> _Problem details_
Give a verbatim copy of the data, leaving the pictures out.

(Stored dataset items)
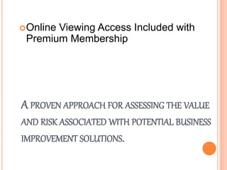 The document outlines a proven solution assessment method for evaluating potential business improvement initiatives, emphasizing its adaptability and ease of use. It serves as an objective tool to analyze business performance issues after a current state analysis is completed. Access to the method is available online for premium members, as part of a comprehensive business analysis toolkit.
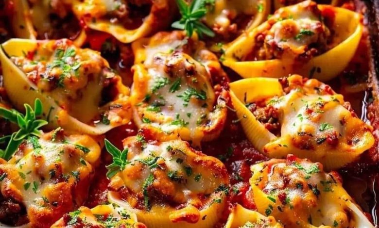 Enjoy your delicious stuffed shells with meat and cheese, a perfect dish for a comforting family meal!
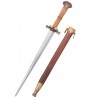 Diese schöne Replik basiert auf einem Original aus dem frühen 16. Jahrhundert (ca. 1510–1540), das heute zur Sammlung des Metropolitan Museum of Art in New York gehört. Die Klinge ist aus elastischem EN45-Federstahl gefertigt, weist einen rhomboiden Querschnitt auf und läuft spitz wie eine Nadel zu. Die Schneiden sind nicht geschärft, und die durchgehende Angel ist mit einer Messingmutter am Knauf verschraubt. Parierstange und Knauf sind kunstvoll aus patiniertem Messing gearbeitet, der Griff selbst ist aus Holz geschnitzt. Die Parierstange besitzt leicht nach außen gebogene kurze Parierarme und einen seitlichen B-förmigen Ring. Der sechseckige Knauf verbreitert sich nach oben zu einer flachen, verzierten Endkappe.
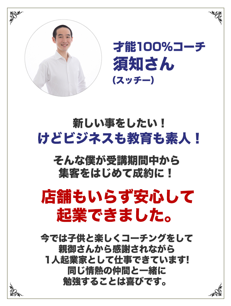 「子ども達の学びの才能を発見することは、子どもたちの未来を照らすこと」という価値観に共感するコーチ起業家を増やすため『学びの“才能”100%コーチ起業』プログラムを公開。
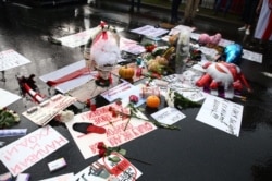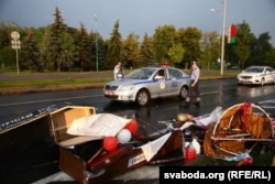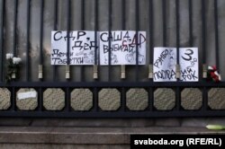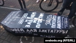 Вот такие послания и "подарки" участники марша в Минске оставили рядом с Дворцом Независимости, когда дорогу им преградил ОМОН. Среди них был гроб с надписью "Диктатор – политический труп", а также траурные венки.
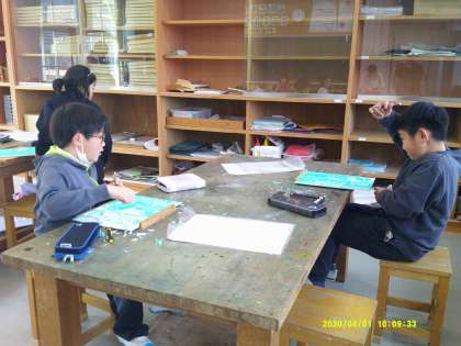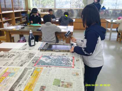 版画に取り組んでいます。下絵を版木に写したものを彫刻刀で彫っています。彫れた子はインクを付けて印刷です。彫刻刀で怪我をしないよう、気を付けて彫り進めていました。
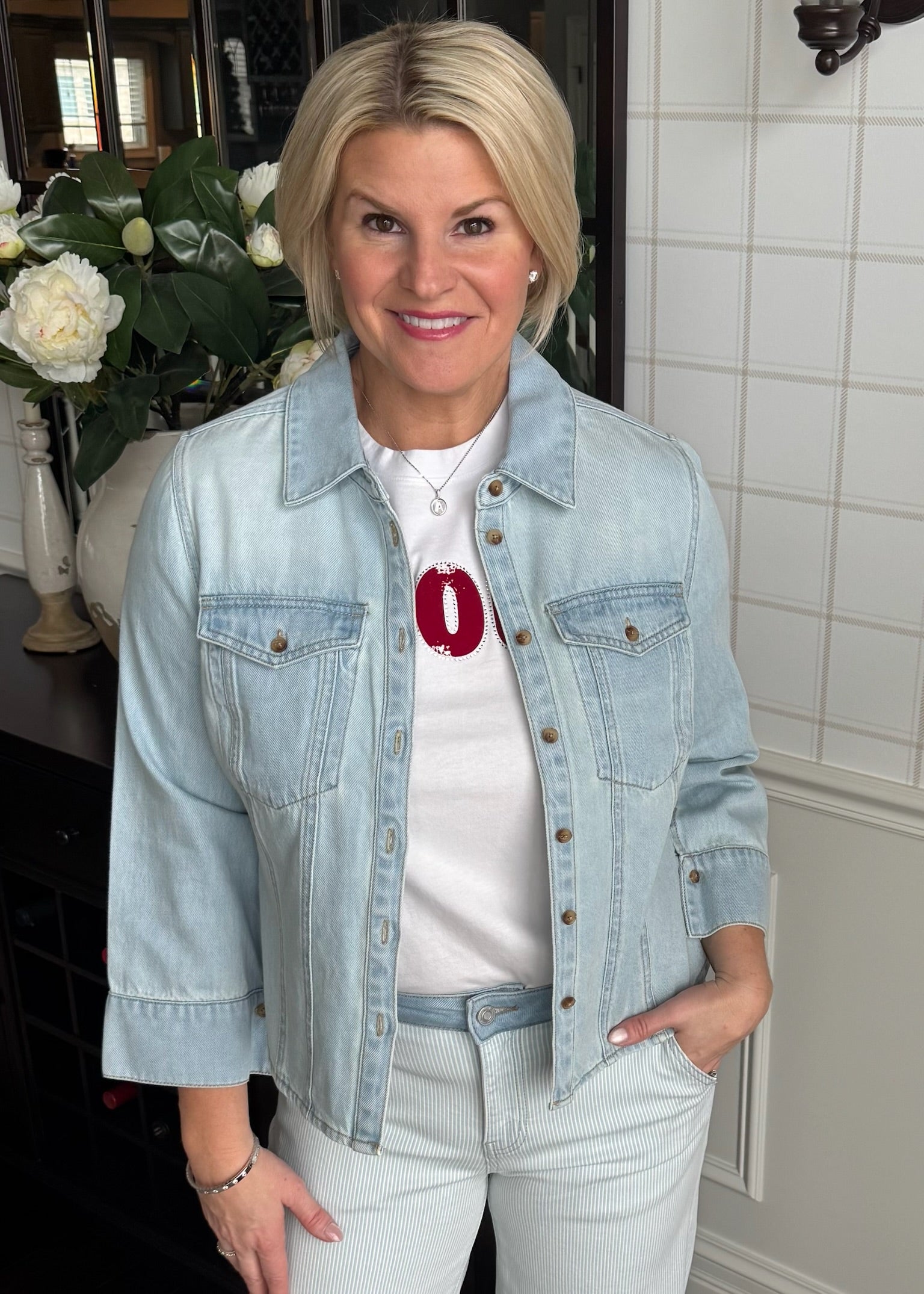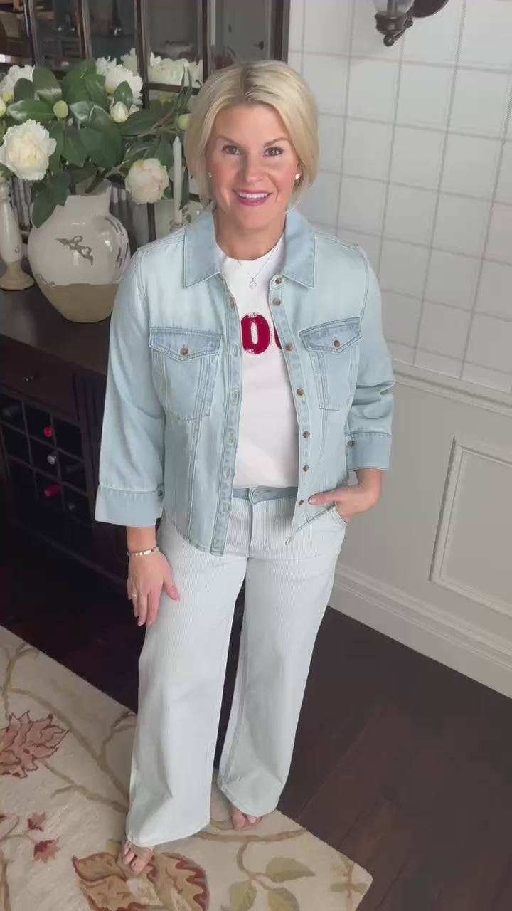 This adorable thicker button down acts as a more fitted shirt or a jacket layer. Love the wider sleeves and wash on this! So cute!

> _Solution to this problem_
 The document outlines a proven solution assessment method for evaluating potential business improvement initiatives, emphasizing its adaptability and ease of use. It serves as an objective tool to analyze business performance issues after a current state analysis is completed. Access to the method is available online for premium members, as part of a comprehensive business analysis toolkit.
 Enjoy your delicious stuffed shells with meat and cheese, a perfect dish for a comforting family meal!
 Diese schöne Replik basiert auf einem Original aus dem frühen 16. Jahrhundert (ca. 1510–1540), das heute zur Sammlung des Metropolitan Museum of Art in New York gehört. Die Klinge ist aus elastischem EN45-Federstahl gefertigt, weist einen rhomboiden Querschnitt auf und läuft spitz wie eine Nadel zu. Die Schneiden sind nicht geschärft, und die durchgehende Angel ist mit einer Messingmutter am Knauf verschraubt. Parierstange und Knauf sind kunstvoll aus patiniertem Messing gearbeitet, der Griff selbst ist aus Holz geschnitzt. Die Parierstange besitzt leicht nach außen gebogene kurze Parierarme und einen seitlichen B-förmigen Ring. Der sechseckige Knauf verbreitert sich nach oben zu einer flachen, verzierten Endkappe.
 「子ども達の学びの才能を発見することは、子どもたちの未来を照らすこと」という価値観に共感するコーチ起業家を増やすため『学びの“才能”100%コーチ起業』プログラムを公開。
 Вот такие послания и "подарки" участники марша в Минске оставили рядом с Дворцом Независимости, когда дорогу им преградил ОМОН. Среди них был гроб с надписью "Диктатор – политический труп", а также траурные венки.
 版画に取り組んでいます。下絵を版木に写したものを彫刻刀で彫っています。彫れた子はインクを付けて印刷です。彫刻刀で怪我をしないよう、気を付けて彫り進めていました。
 This adorable thicker button down acts as a more fitted shirt or a jacket layer. Love the wider sleeves and wash on this! So cute!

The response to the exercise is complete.